# Heat Tolerance **SHE'S MINE!**



## DebMc (Dec 11, 2009)

I want a LGD, one in particular. We are having predator problems/losses and a friend offered to give me her LGD so they can travel. She's a 3-year old GP X Anatolian. In summary, this dog is perfect for the application here. Well, except for one thing. I live in a hot climate where the temps are triple digit 4 months out of the year. The dog lives 2 hours north of me at a higher elevation where the climate is much cooler. 

Hubby has said "NO" to the dog as he thinks it would be cruel to keep any dog outdoors here in the summer, long-haired LGD or otherwise. So I'm looking into options: 

1) doghouses w/air conditioners - problem there is if the dog opted to use the doghouse, she would be confined to a small air-tight space which I've read is just as hard on GPs as heat; 

2) evaporative coolers - don't work here during the humid months or monsoon season when the temps are generally 110-120 F; and

3) shaving - from what I read that only makes the dog (GP) more prone to over-heating plus then you have the issue of UV exposure to the skin and sunburn.

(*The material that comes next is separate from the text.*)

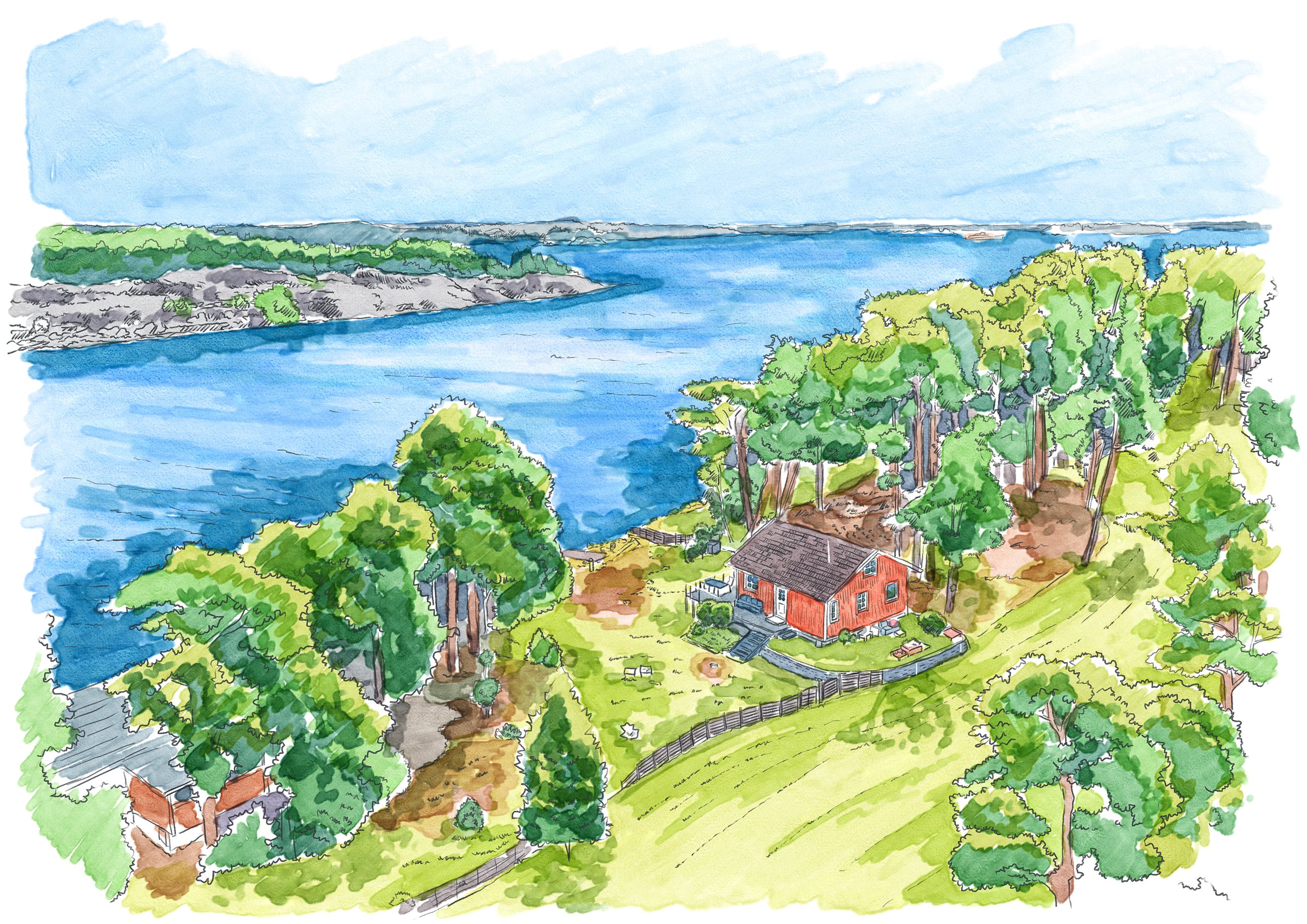 "Det jag och mina döttrar uppskattat allra mest med boendet här är det underbara läget där naturen och havet ständigt är närvarande och att man under ca 9 månader om året i princip är ensam här ute. Att det är lättillgängligt året runt och att vägarna underhålls - och är bra året om - är självklart också något vi uppskattat", säger Peter som har varit här i området sedan barnsben. Det var också han som lät uppföra huset för ca 30 år sedan. "Att det tar oss bara 45 minuter från jobben i Stockholm, har gjort att vi utnyttjat bostaden väldigt mycket året om. I perioder har vi utgått härifrån när vi jobbar under veckorna också", fortsätter Peter. "Är det något annat du vill att jag tar upp i beskrivningen?", frågar jag honom när vi står på altanen utanför kök och vardagsrum. "Den underbara utsikten och känslan av att ha havet 25 meter nedanför huset behöver väl inte förklaras?", frågar Peter och ler lite skämtsamt.

Any insight, ideas or other comments? Anyone here in a hot climate have a GP or GP cross?

Another breed is not an option. This dog is it. She's unique in that she has the background, experience, exposures, temperment and training we need already under wing. If we don't get this dog, we won't be getting a LGD. If our climate here is just too hot for her, then that's the way it goes. I'd like to get some feedback first, though, to make sure we're not overlooking an option or something else that might make this dog doable for us. I want and need her so badly.

Deb Mc


----------



## lissablack (Nov 30, 2009)

*Re: Heat Tolerance*

Is there any chance you could try it and see if she can adapt to the temp, but give her back if it is too hard on her? I'd think she would need to come to you while it isn't so hot so she had a chance to adapt as it heated up. That is very hot. I know there are pyrs around here, but it isn't that hot, it gets over 100, but just, and not for very long.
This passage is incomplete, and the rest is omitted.